Bennington president Liz Coleman delivers a call-to-arms for radical reform in higher education. Bucking the trend to push students toward increasingly narrow areas of study, she proposes a truly cross-disciplinary education -- one that dynamically combines all areas of study to address the great problems of our day.
If you followed higher education news in the 1990s, you have an opinion on Liz Coleman. The president of what was once the most expensive college in America, Coleman made a radical, controversial plan to snap the college out of a budget and mission slump -- by ending the tenure system, abolishing academic divisions and yes, firing a lot of professors. It was not a period without drama.
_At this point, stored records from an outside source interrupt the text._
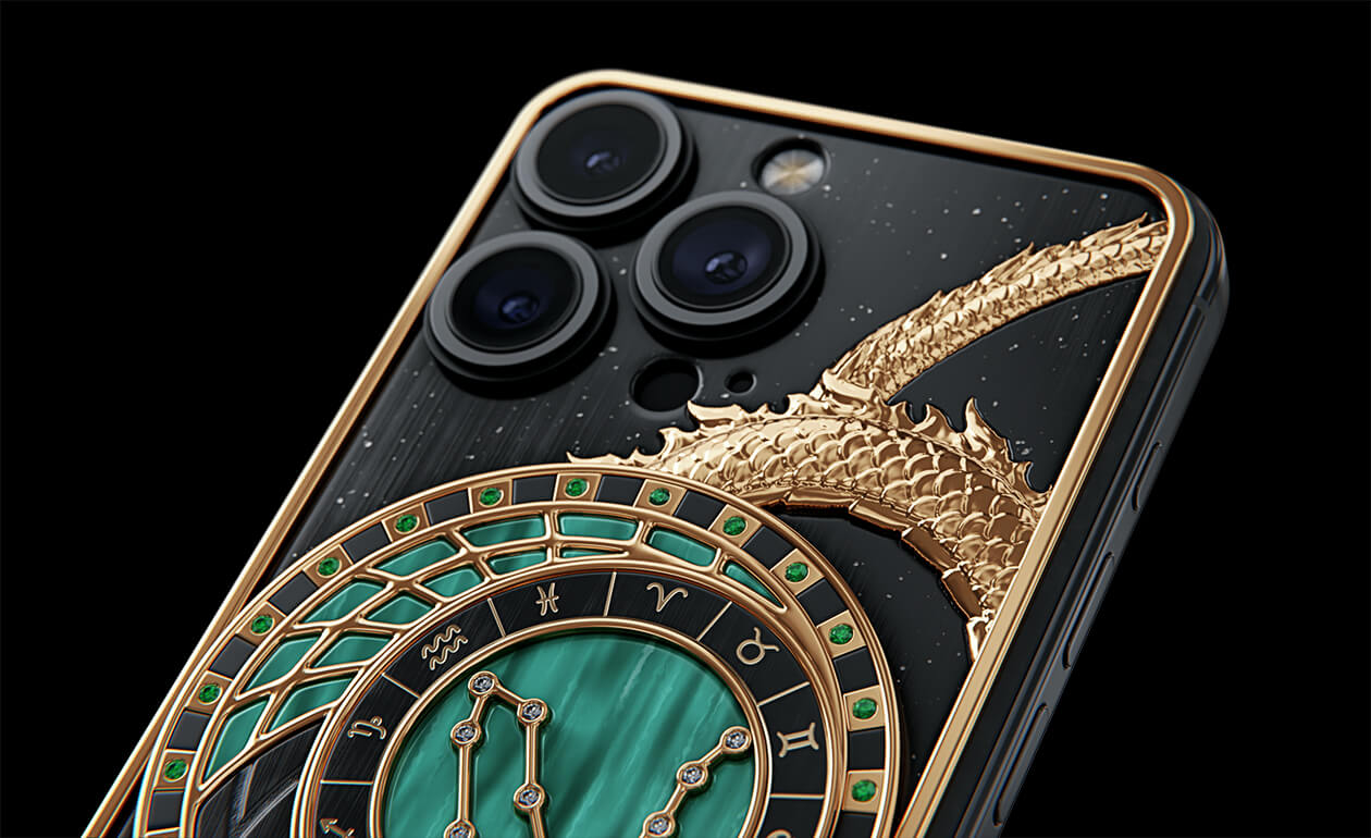 The dragon epitomizes strength and power. The Regal Serpent is truly a majestic custom iPhone, a flagship among flagships, adorned with a bas-relief of a regal dragon. Each golden scale of the serpent is coated with 24-karat gold. At the center of the composition is a three-dimensional image of the dragon constellation, made from Swarovski. Impeccable luxury for those favored by the Eastern dragon.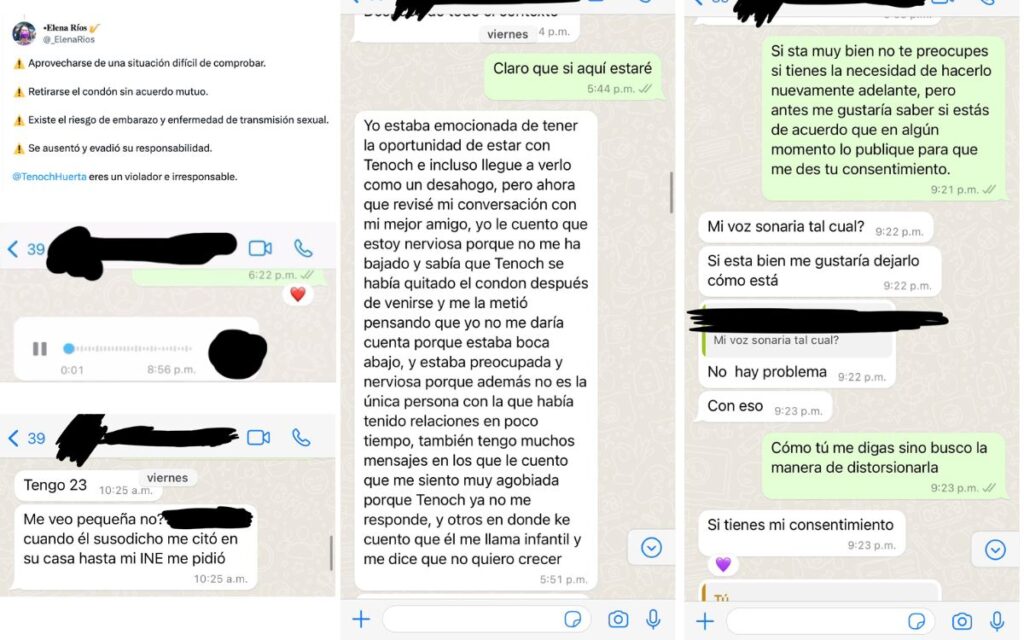 “Yo estaba emocionada de tener la oportunidad de estar con Tenoch e incluso llegue a verlo como un desahogo, pero ahora que revisé mi conversación con mi mejor amigo, yo le cuento que estoy nerviosa porque no me ha bajado y sabía que Tenoch se había quitado el condón después de venirse y me la metió pensando que yo no me daría cuenta porque estaba boca abajo, y […] le cuento que me siento muy agobiada porque Tenoch ya no me responde, y otros en donde le cuento que él me llama infantil y me dice que no quiero crecer”, se lee en las capturas de pantalla.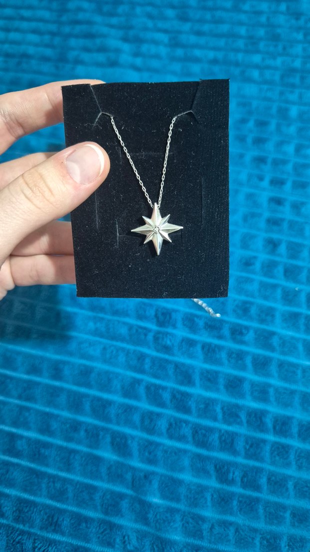 Gümüş pırlanta kuzey yıldızı kolye serfitikasıyla birlikte gönderim yapıcam. kullanılmadı renginde solma yok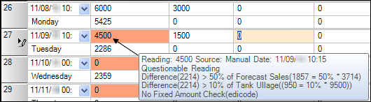 | The forecasted sales for the day come from the tank’s commodity forecast setup. In that setup, you specify the expected sales for a week, and then assign a percentage of that amount to each day of the week. For more information, see Commodity Forecast Setup. |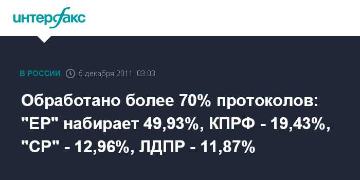 Москва. 5 декабря. INTERFAX.RU - По предварительной информации, после обработки 70,36% протоколов "Единая Россия" набирает 49,93% голосов, КПРФ - 19,43%, "Справедливая Россия" - 12,97%, ЛДПР - 11,87%.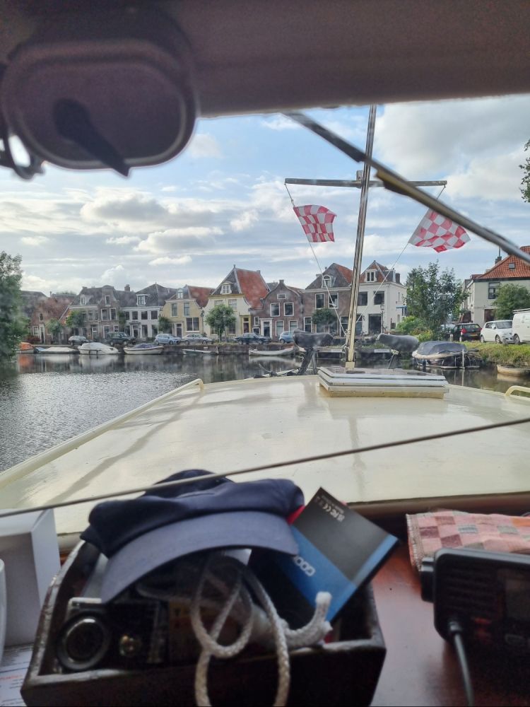 En daar lagen we.. Het eerste wat in ons opkwam, was de Botenwacht bellen. Maar die gaven aan ons alleen te kunnen helpen als we aan de kant zouden liggen. En dan ook nog bereikbaar zouden zijn per auto. Met kunst en vliegwerk, door het klimmen door tuinen van bewoners daar, probeerden we de kant te bereiken. Gelukkig kwam daar een andere schipper met een heel klein bootje die ons even naar de kant kon brengen.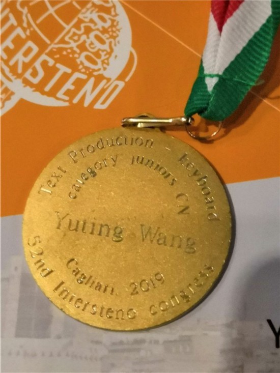 北京时间7月19日凌晨,第52届国际速录大赛在意大利撒丁岛卡利亚里闭幕。中国速录选手获得了7枚金牌、7枚银牌和4枚铜牌,在国际舞台上展示了指尖上的“中国速度”。其中,来自南京财经高等职业技术学校现代服务系文秘专业的女生王雨婷,获青年组看打(键盘组)冠军,这也是此次大赛中获冠军的唯一江苏选手。
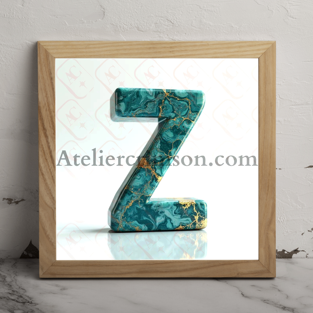 The letter Z marble blue green gold download Now this high quality AI-generated image, perfect for adding a touch of tranquility and creativity to any space.

But fifteen years on, it appears that the move has paid off. Bennington's emphasis on cross-disciplinary, hands-on learning has attracted capacity classes to the small college, and has built a vibrant environment for a new kind of learning.
Coleman's idea is that higher education is an active pursuit -- a performing art. Her vision calls for lots of one-on-one interactions between professor and student, deep engagement with primary sources, highly individual majors, and the destruction of the traditional academic department. It's a lofty goal that takes plenty of hard work to keep on course.